→ **Assigned task**: Output the lines of the records from the one containing "Tuscan cottage with" through the last, both ends included. Leave pictures out.

++++++++++++++++++++

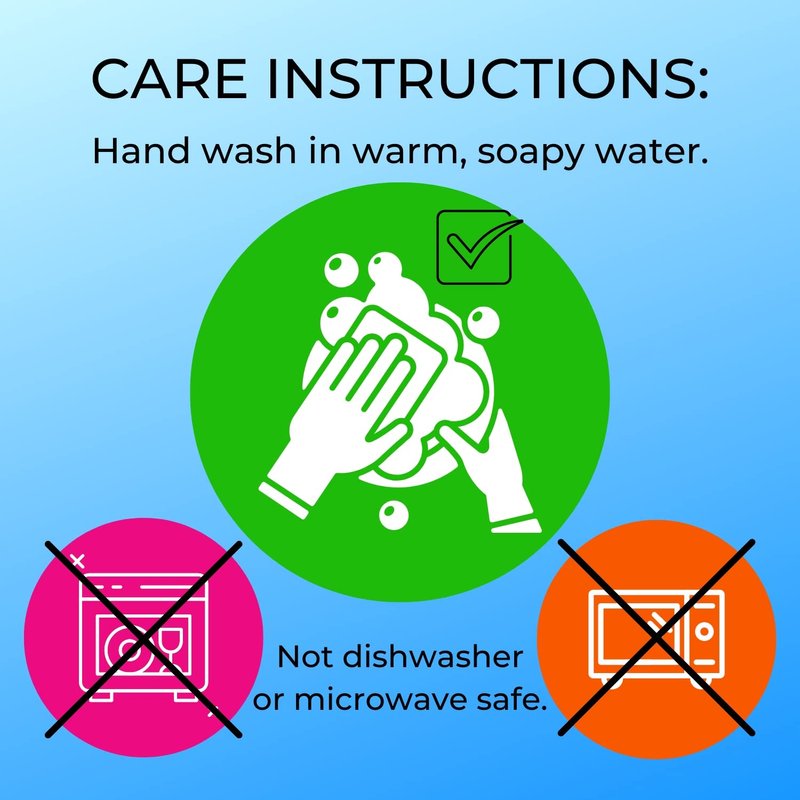 Your water bottle should be hand washed with a mild detergent and soft cloth or sponge to minimize scratching. Do not soak or place your bottle in the dishwasher.
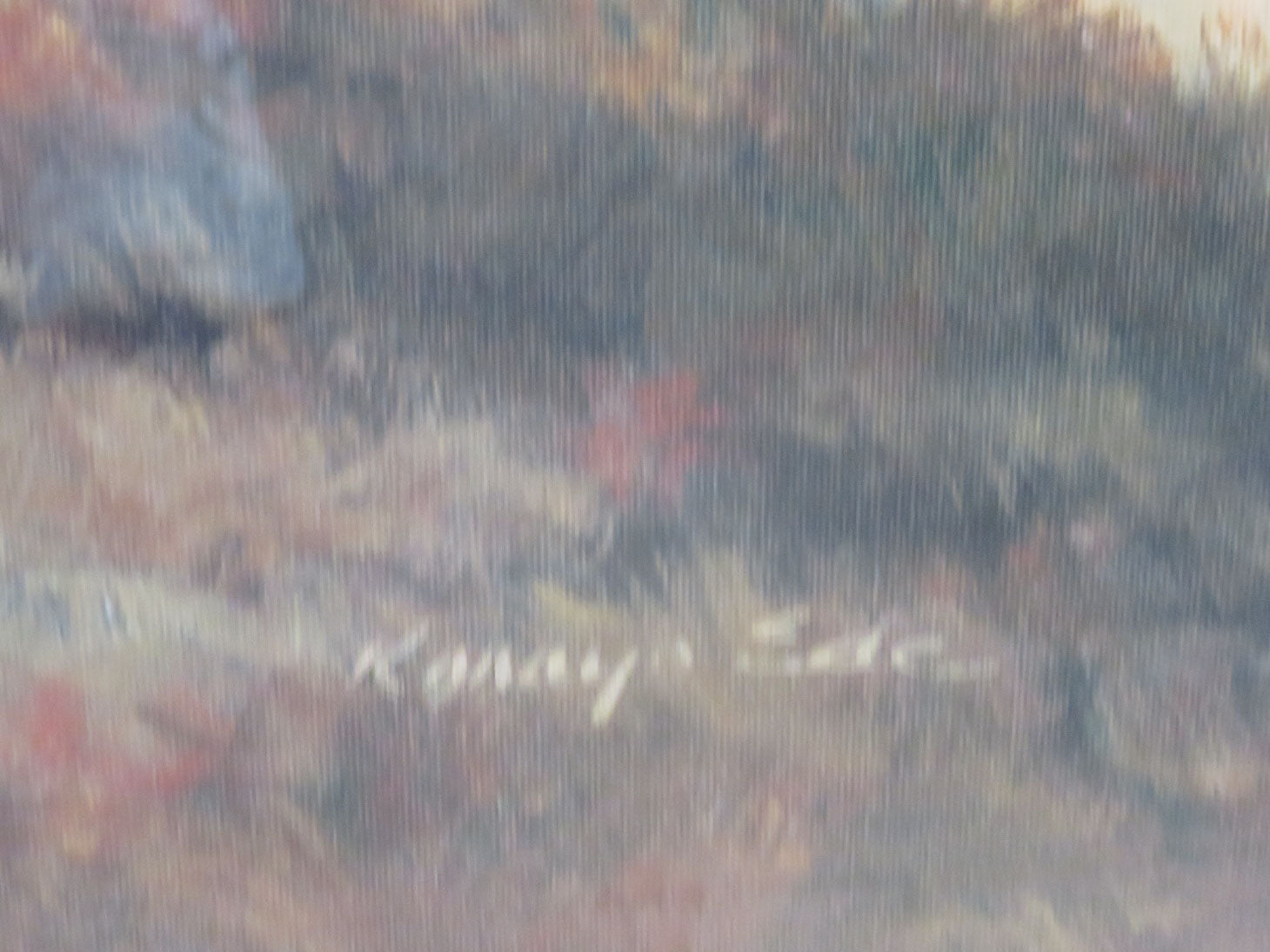 Tuscan cottage with fall colors on trees in gold frame, red tree on right
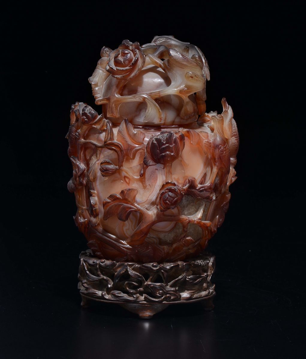 Vaso con coperchio in agata con decoro di gru e rami a rilievo, Cina, Dinastia Qing, XIX secolo
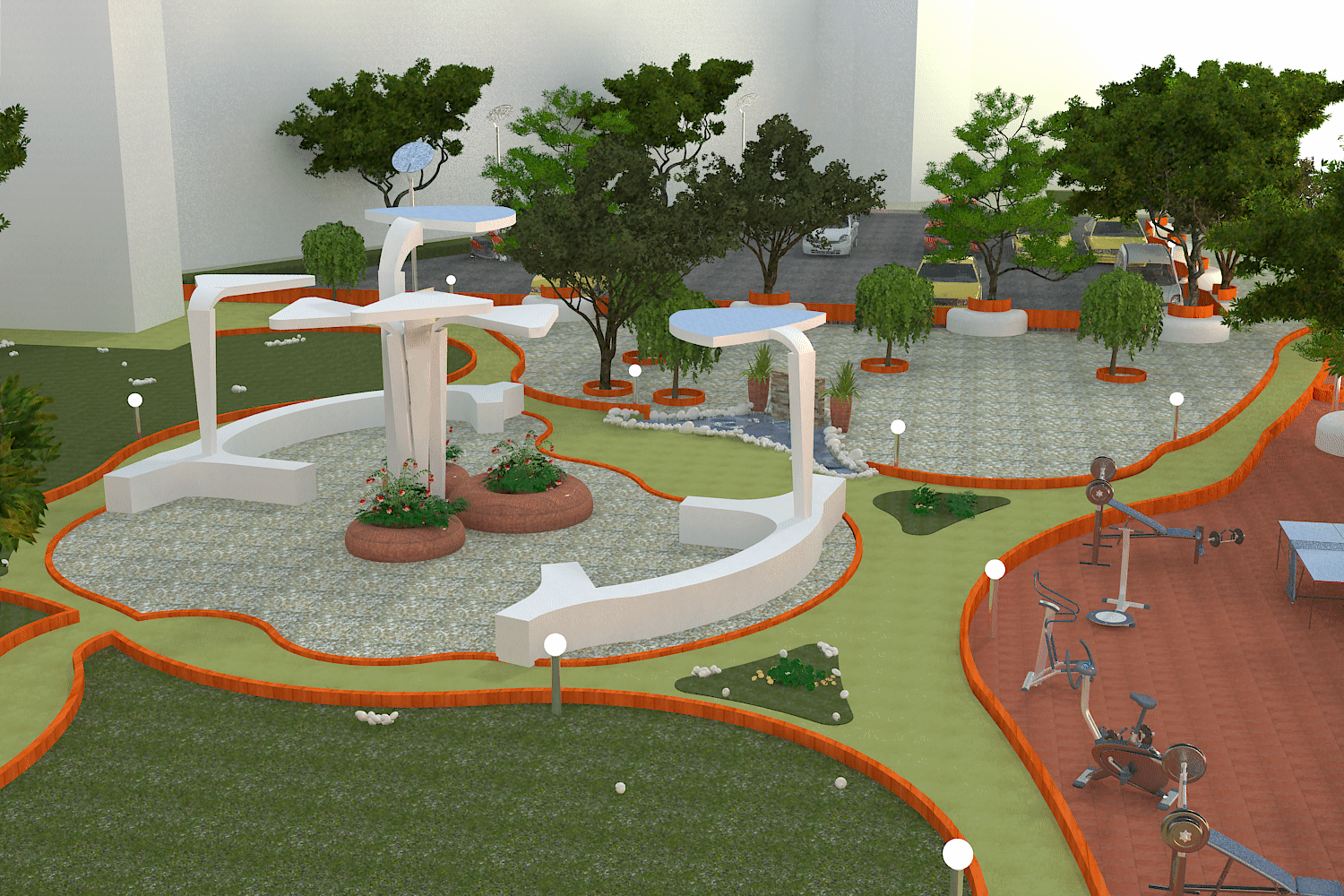 طراحی پلکانی اِلمان در جهت جانمایی فضای سبز در آن به عنوان تعریفی از واژه "بهارستان"
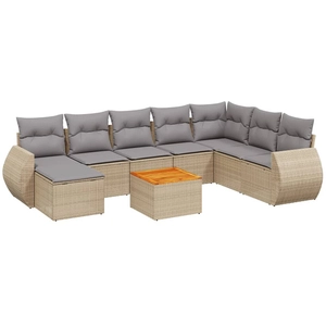 vidaXL - 9-delige - Loungeset - met - kussens - poly - rattan - beige
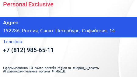 Personal Exclusive по адресу 192236, Россия, Санкт-Петербург, Софийская, 14 в дальнейшем Организация, размещена в следующих категориях:
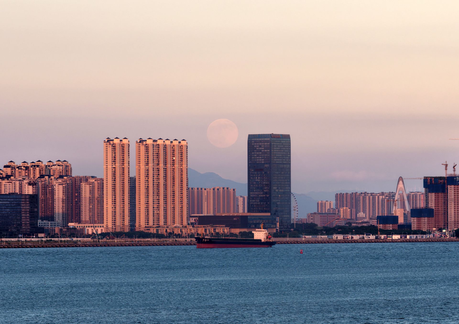 11月5日傍晚在廣東汕頭南濱路拍攝的“超級月亮”(無人機(jī)照片)。

++++++++++++++++++++

→ **Result of this exercise**:
 Tuscan cottage with fall colors on trees in gold frame, red tree on right
 Vaso con coperchio in agata con decoro di gru e rami a rilievo, Cina, Dinastia Qing, XIX secolo
 طراحی پلکانی اِلمان در جهت جانمایی فضای سبز در آن به عنوان تعریفی از واژه "بهارستان"
 vidaXL - 9-delige - Loungeset - met - kussens - poly - rattan - beige
 Personal Exclusive по адресу 192236, Россия, Санкт-Петербург, Софийская, 14 в дальнейшем Организация, размещена в следующих категориях:
 11月5日傍晚在廣東汕頭南濱路拍攝的“超級月亮”(無人機(jī)照片)。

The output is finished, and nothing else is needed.